◆ The task
Each entry must be given again exactly; images do not belong in the copy.

◆ The records
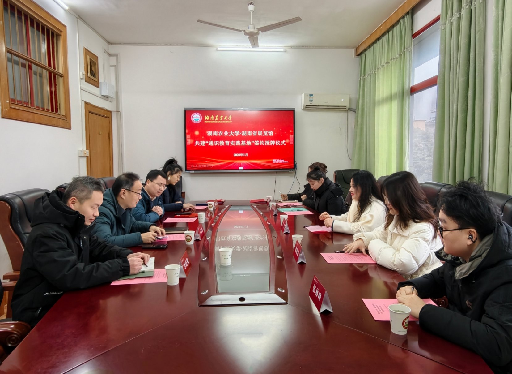 本网讯(通识教育中心 郑若菡)1月22日上午,我校与湖南省展览馆共建“通识教育实践基地”签约授牌仪式在求真楼314会议室举行。湖南省展览馆副馆长卢英、湖南农业大学通识教育中心主任王永昌、副主任史晓雷以及双方相关工作人员出席仪式,仪式由史晓雷主持。
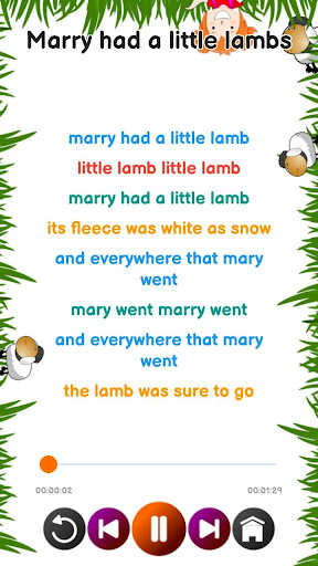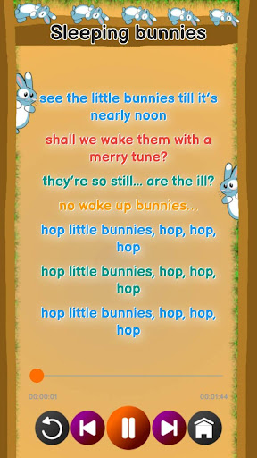 4. Repeat the button to play in repeat mode of your favorites rhymes.
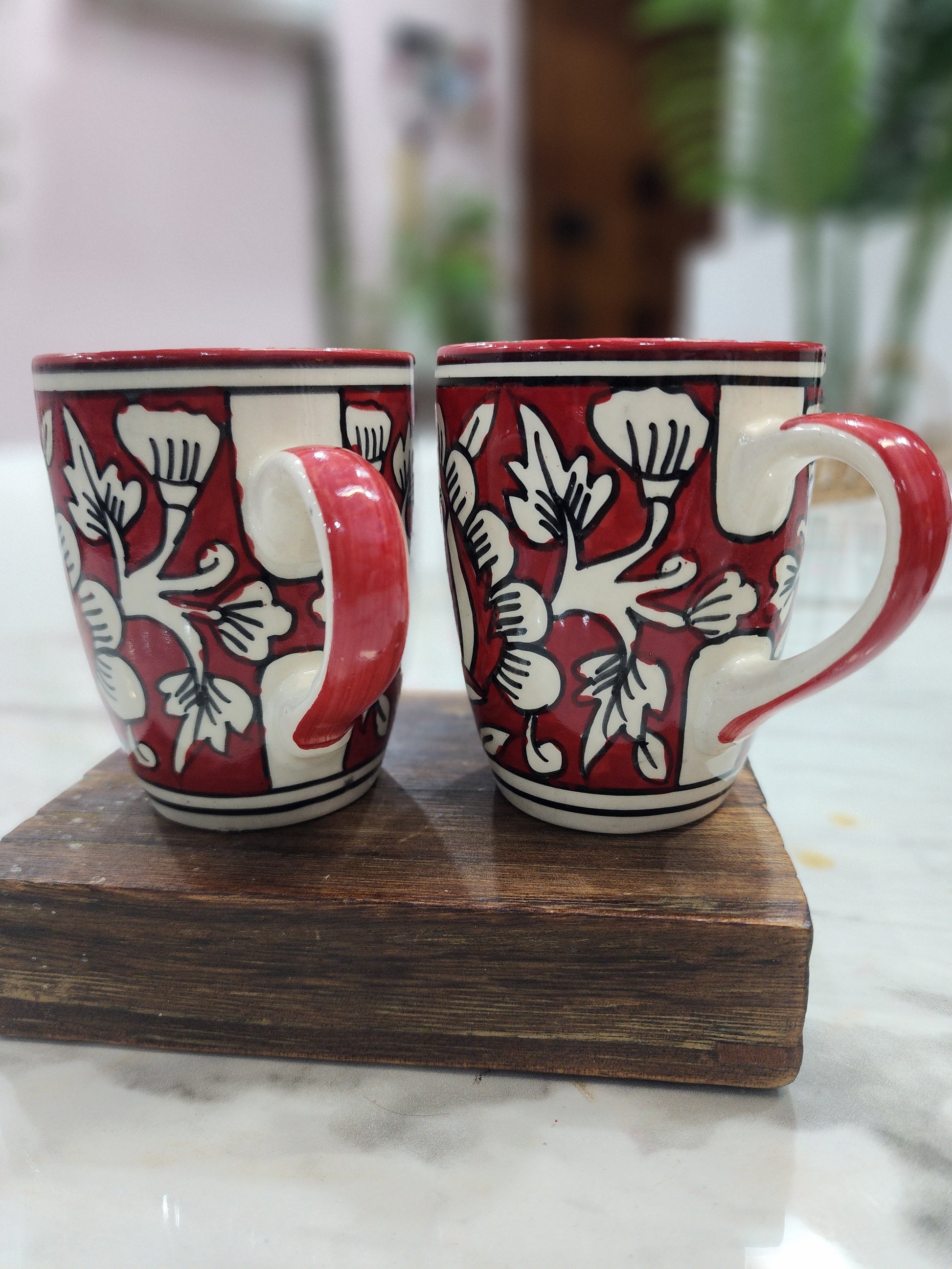 Brighten your daily tea or coffee ritual with the Ruby Petal Mug, where handcrafted artistry meets vibrant design. Each mug is carefully hand-painted in rich ruby-red floral motifs, celebrating the beauty of nature and the warmth of handmade craftsmanship. Its glossy glazed finish adds a touch of elegance, making it perfect for both everyday enjoyment and special occasions.
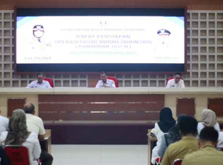 Bandar Lampung– Pemerintah Kota Bandar Lampung menggelar rapat persiapan pelaksanaan Operasi Pasar Murah Tahun 2026 menjelang bulan suci Ramadhan 1447 Hijriah, Rabu (4/2/2026). Rapat tersebut berlangsung di Aula Semergou Pemerintah Kota Bandar Lampung.
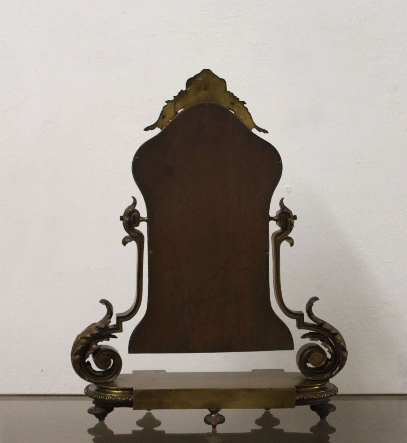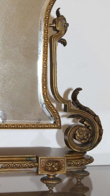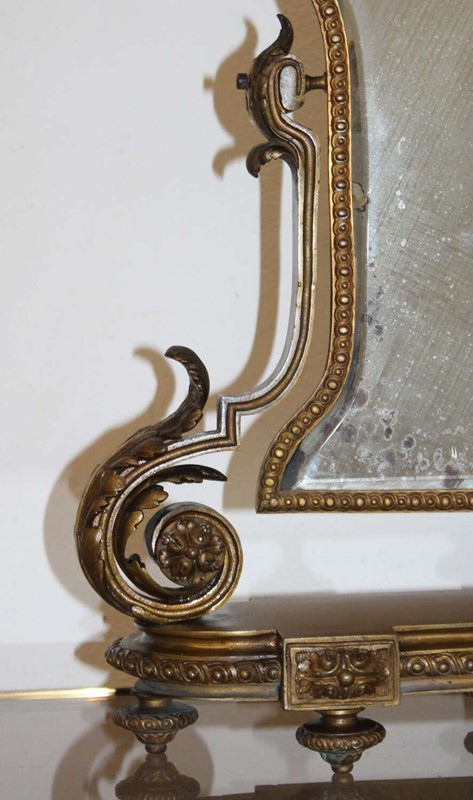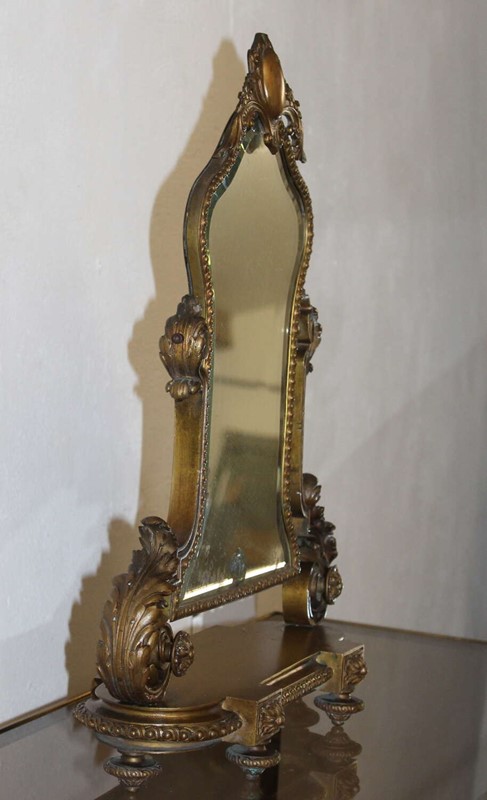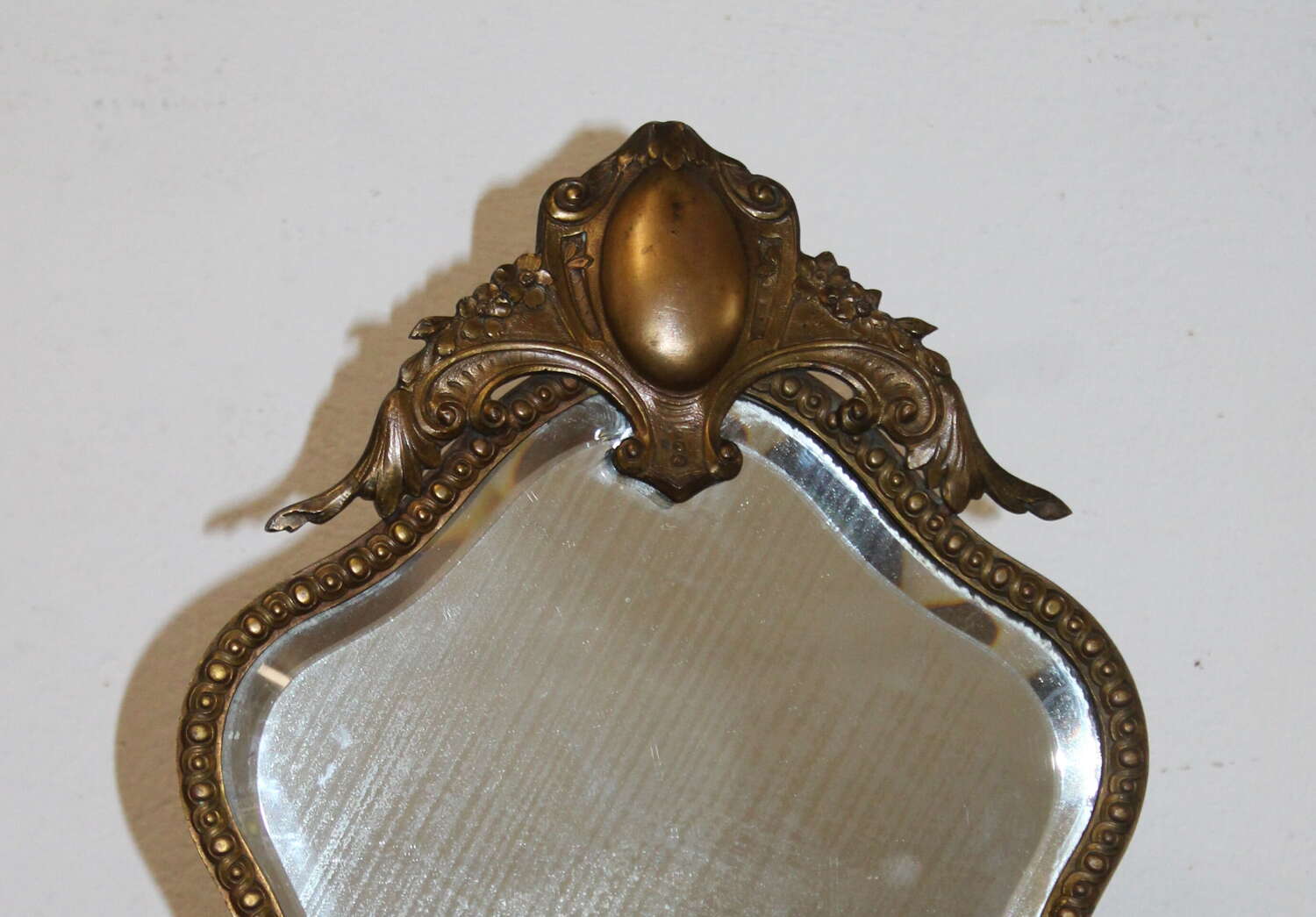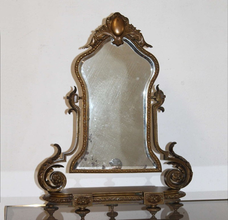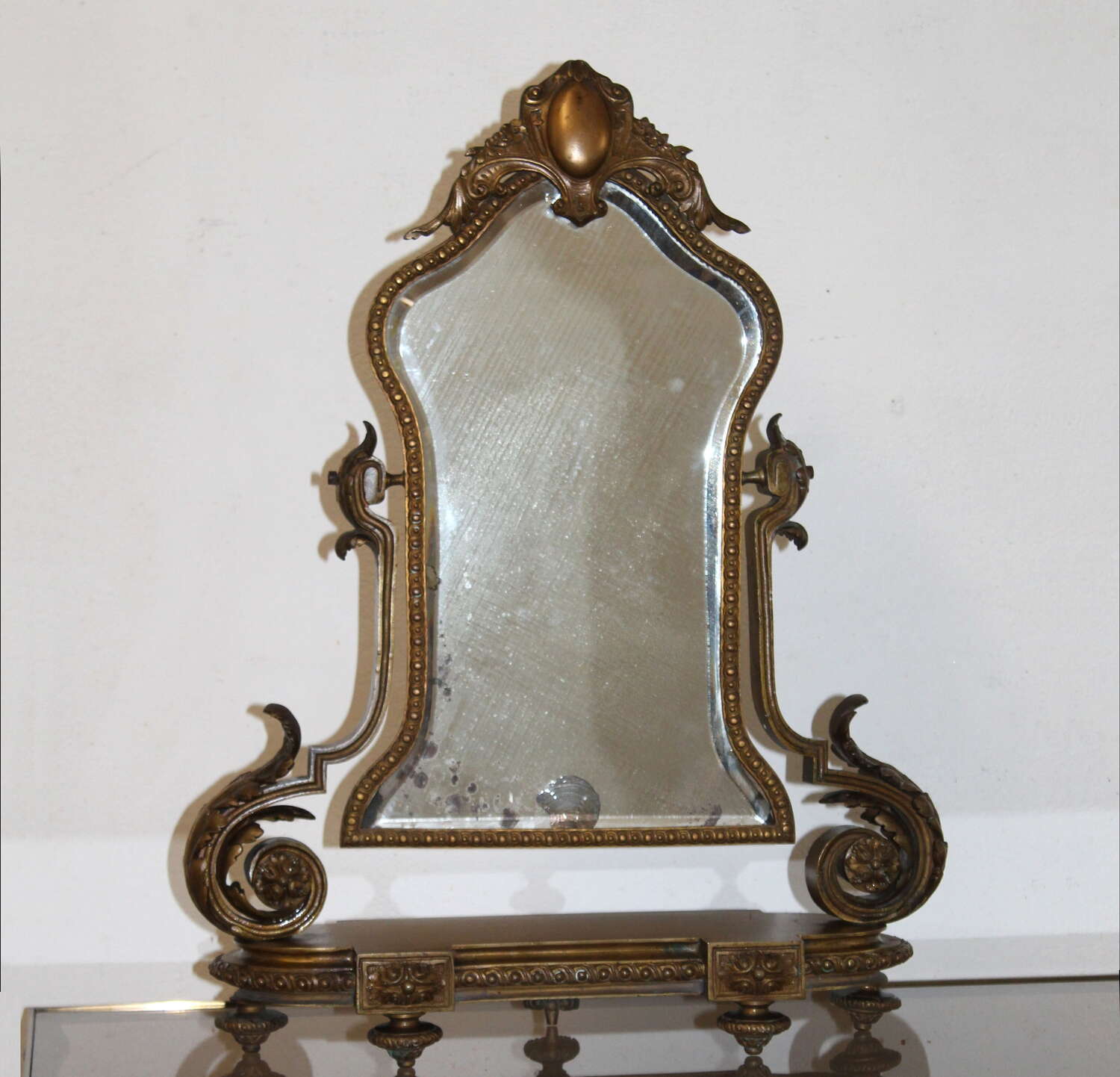 19th century French solid bronze dressing table mirror, circa 1880, with small, curvy, bevelled mirror decorated with a ribbon twist and beaded frame and topped with a floral and foliate cartouche. The tilting mirror is suspended between two stepped acanthus leaf decorated supports with a central rosette, set into an elongated oval base decorated along the front and side edges with matching ribbon twist and beading as well as rosettes within rectangles. Five tapering circular feet support the base. The original, bevelled, mirror has age and wear but complements the decorative look of this original piece.
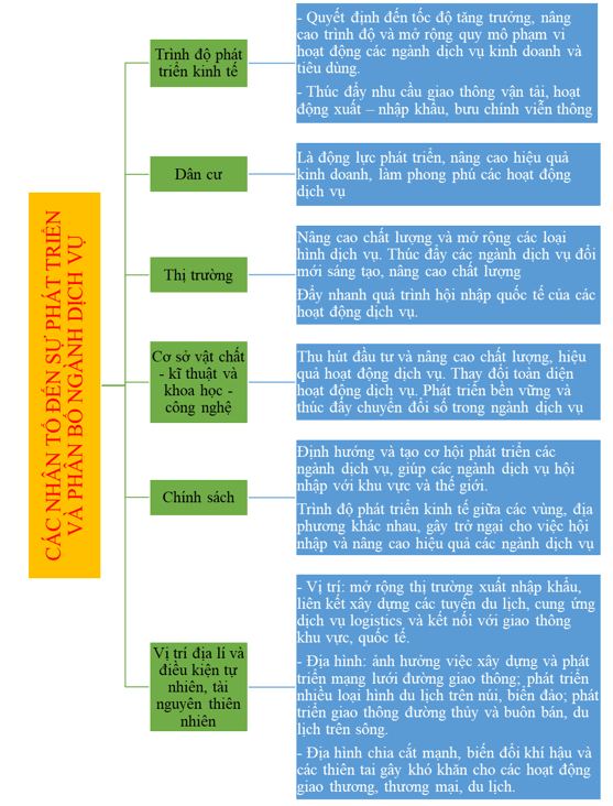 Luyện tập trang 83 Địa Lí 12: Lập sơ đồ thể hiện ảnh hưởng của các nhân tố đến sự phát triển và phân bố ngành dịch vụ của nước ta.

◆ Response below
 本网讯(通识教育中心 郑若菡)1月22日上午,我校与湖南省展览馆共建“通识教育实践基地”签约授牌仪式在求真楼314会议室举行。湖南省展览馆副馆长卢英、湖南农业大学通识教育中心主任王永昌、副主任史晓雷以及双方相关工作人员出席仪式,仪式由史晓雷主持。
 4. Repeat the button to play in repeat mode of your favorites rhymes.
 Brighten your daily tea or coffee ritual with the Ruby Petal Mug, where handcrafted artistry meets vibrant design. Each mug is carefully hand-painted in rich ruby-red floral motifs, celebrating the beauty of nature and the warmth of handmade craftsmanship. Its glossy glazed finish adds a touch of elegance, making it perfect for both everyday enjoyment and special occasions.
 Bandar Lampung– Pemerintah Kota Bandar Lampung menggelar rapat persiapan pelaksanaan Operasi Pasar Murah Tahun 2026 menjelang bulan suci Ramadhan 1447 Hijriah, Rabu (4/2/2026). Rapat tersebut berlangsung di Aula Semergou Pemerintah Kota Bandar Lampung.
 19th century French solid bronze dressing table mirror, circa 1880, with small, curvy, bevelled mirror decorated with a ribbon twist and beaded frame and topped with a floral and foliate cartouche. The tilting mirror is suspended between two stepped acanthus leaf decorated supports with a central rosette, set into an elongated oval base decorated along the front and side edges with matching ribbon twist and beading as well as rosettes within rectangles. Five tapering circular feet support the base. The original, bevelled, mirror has age and wear but complements the decorative look of this original piece.
 Luyện tập trang 83 Địa Lí 12: Lập sơ đồ thể hiện ảnh hưởng của các nhân tố đến sự phát triển và phân bố ngành dịch vụ của nước ta.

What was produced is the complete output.